What the task requires: Set down exactly the lines below, starting at the one that contains "6月2日(月)の午後に全校集" and ending at the one that contains "安森美半導(dǎo)體的NC", with both of those lines included and nothing else.

Supplied data:
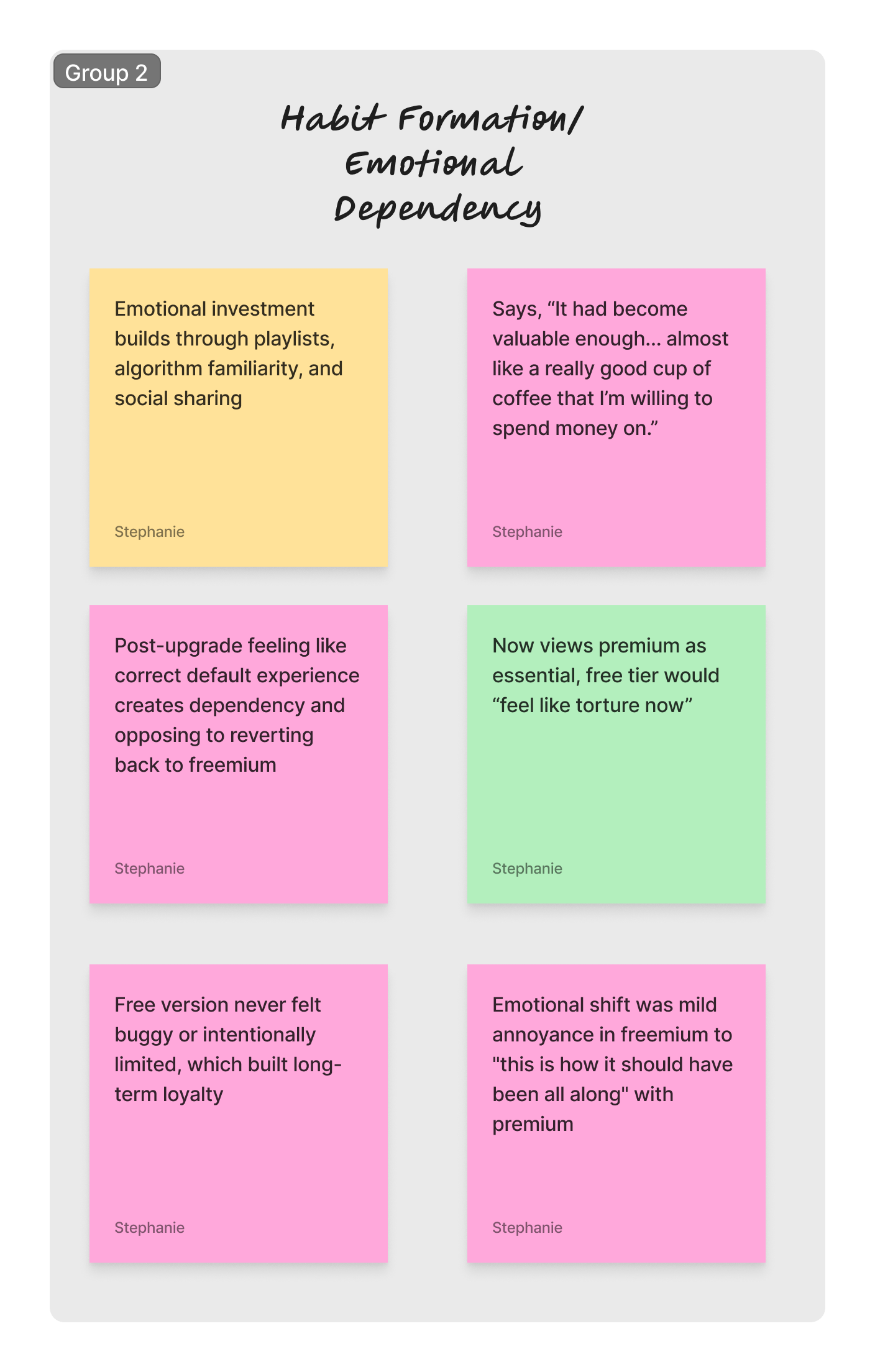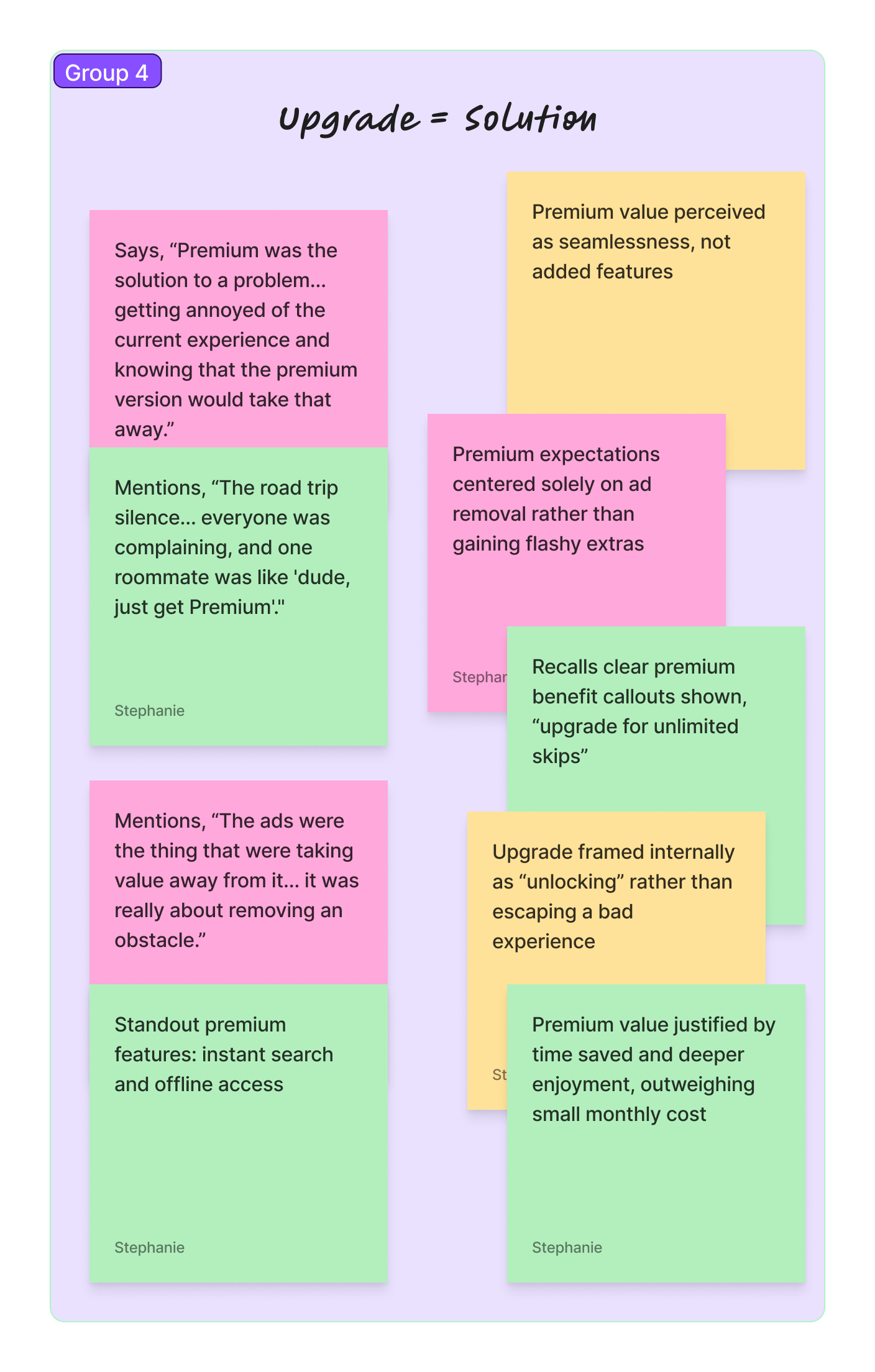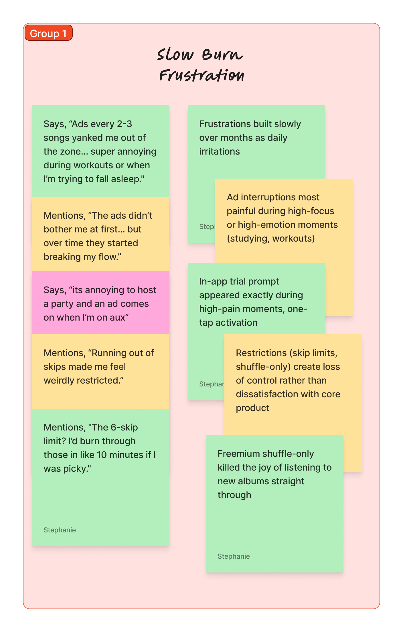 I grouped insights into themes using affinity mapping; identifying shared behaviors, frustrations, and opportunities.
---
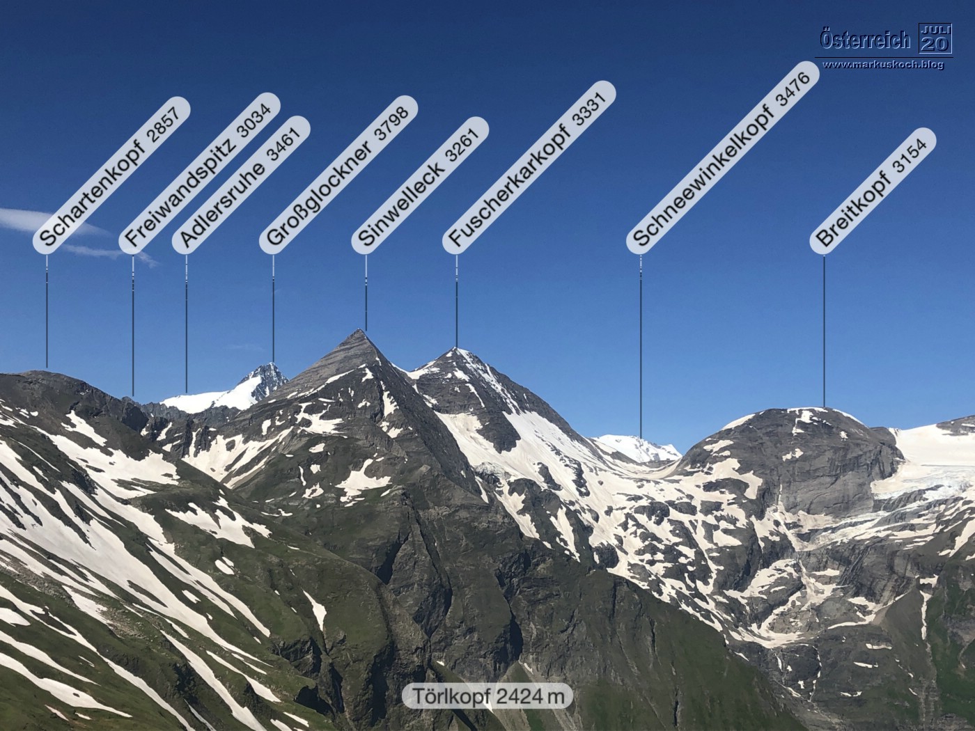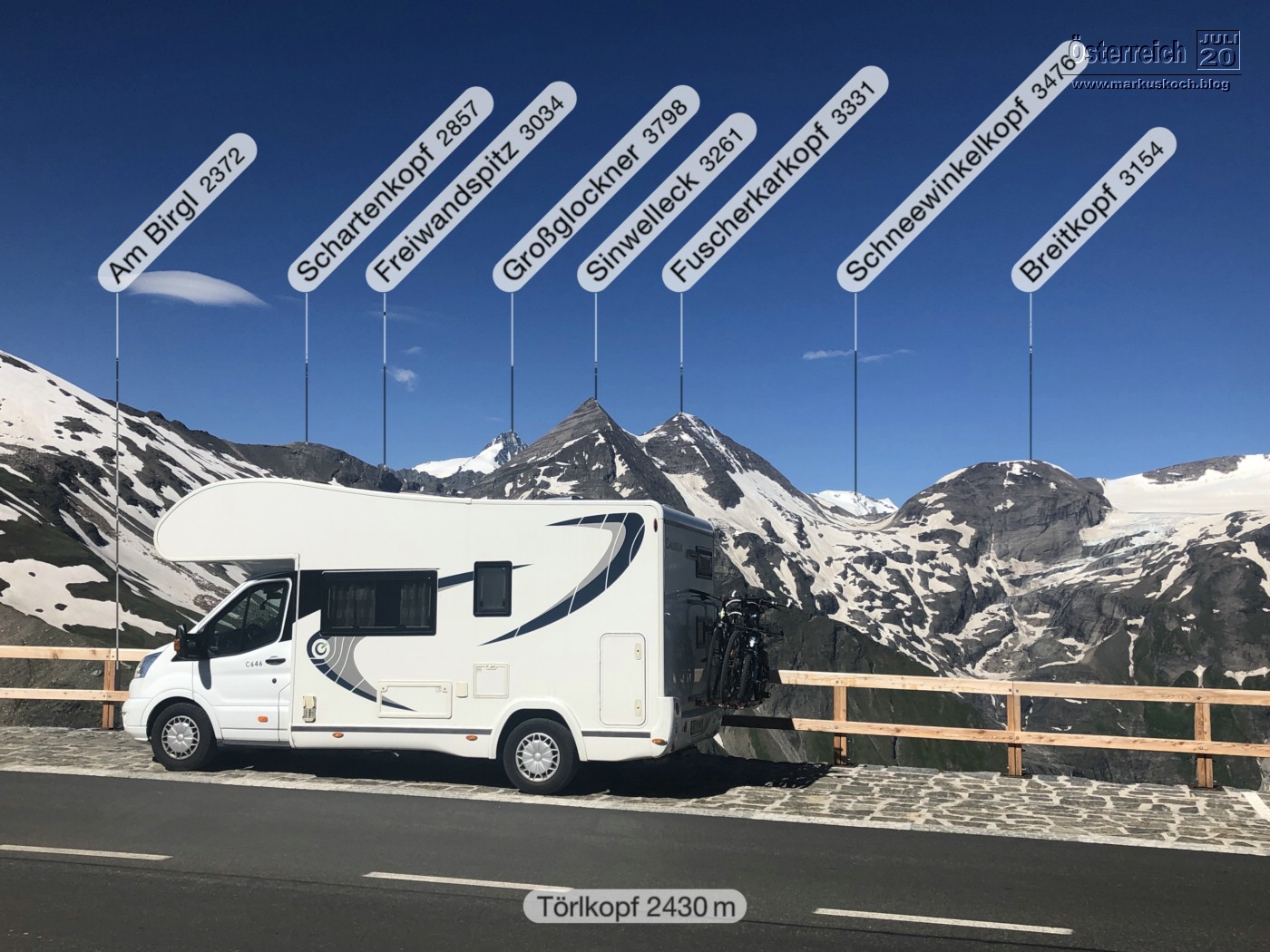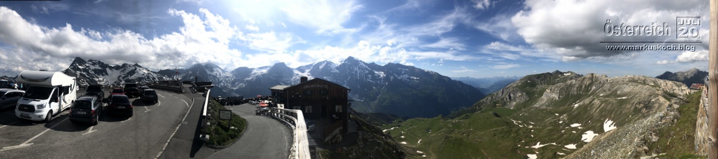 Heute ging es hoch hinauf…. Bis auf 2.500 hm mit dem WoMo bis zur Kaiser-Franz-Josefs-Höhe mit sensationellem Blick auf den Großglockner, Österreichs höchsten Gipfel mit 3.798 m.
---
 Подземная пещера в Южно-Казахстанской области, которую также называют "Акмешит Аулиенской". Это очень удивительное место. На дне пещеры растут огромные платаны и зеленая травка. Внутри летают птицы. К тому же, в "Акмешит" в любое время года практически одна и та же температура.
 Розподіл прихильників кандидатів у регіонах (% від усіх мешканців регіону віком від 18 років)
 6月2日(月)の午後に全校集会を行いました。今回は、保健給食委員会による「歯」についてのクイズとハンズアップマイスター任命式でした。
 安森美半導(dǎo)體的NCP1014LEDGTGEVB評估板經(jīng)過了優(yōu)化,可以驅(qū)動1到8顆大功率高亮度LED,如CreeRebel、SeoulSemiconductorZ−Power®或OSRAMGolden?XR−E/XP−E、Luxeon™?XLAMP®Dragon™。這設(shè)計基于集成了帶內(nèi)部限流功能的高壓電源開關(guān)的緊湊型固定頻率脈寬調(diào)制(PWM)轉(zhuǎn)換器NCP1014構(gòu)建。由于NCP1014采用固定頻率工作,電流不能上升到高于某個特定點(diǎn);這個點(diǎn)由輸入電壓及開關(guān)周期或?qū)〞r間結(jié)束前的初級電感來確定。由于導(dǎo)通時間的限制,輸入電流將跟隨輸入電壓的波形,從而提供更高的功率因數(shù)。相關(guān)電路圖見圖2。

Solution for this problem:
 6月2日(月)の午後に全校集会を行いました。今回は、保健給食委員会による「歯」についてのクイズとハンズアップマイスター任命式でした。
 安森美半導(dǎo)體的NCP1014LEDGTGEVB評估板經(jīng)過了優(yōu)化,可以驅(qū)動1到8顆大功率高亮度LED,如CreeRebel、SeoulSemiconductorZ−Power®或OSRAMGolden?XR−E/XP−E、Luxeon™?XLAMP®Dragon™。這設(shè)計基于集成了帶內(nèi)部限流功能的高壓電源開關(guān)的緊湊型固定頻率脈寬調(diào)制(PWM)轉(zhuǎn)換器NCP1014構(gòu)建。由于NCP1014采用固定頻率工作,電流不能上升到高于某個特定點(diǎn);這個點(diǎn)由輸入電壓及開關(guān)周期或?qū)〞r間結(jié)束前的初級電感來確定。由于導(dǎo)通時間的限制,輸入電流將跟隨輸入電壓的波形,從而提供更高的功率因數(shù)。相關(guān)電路圖見圖2。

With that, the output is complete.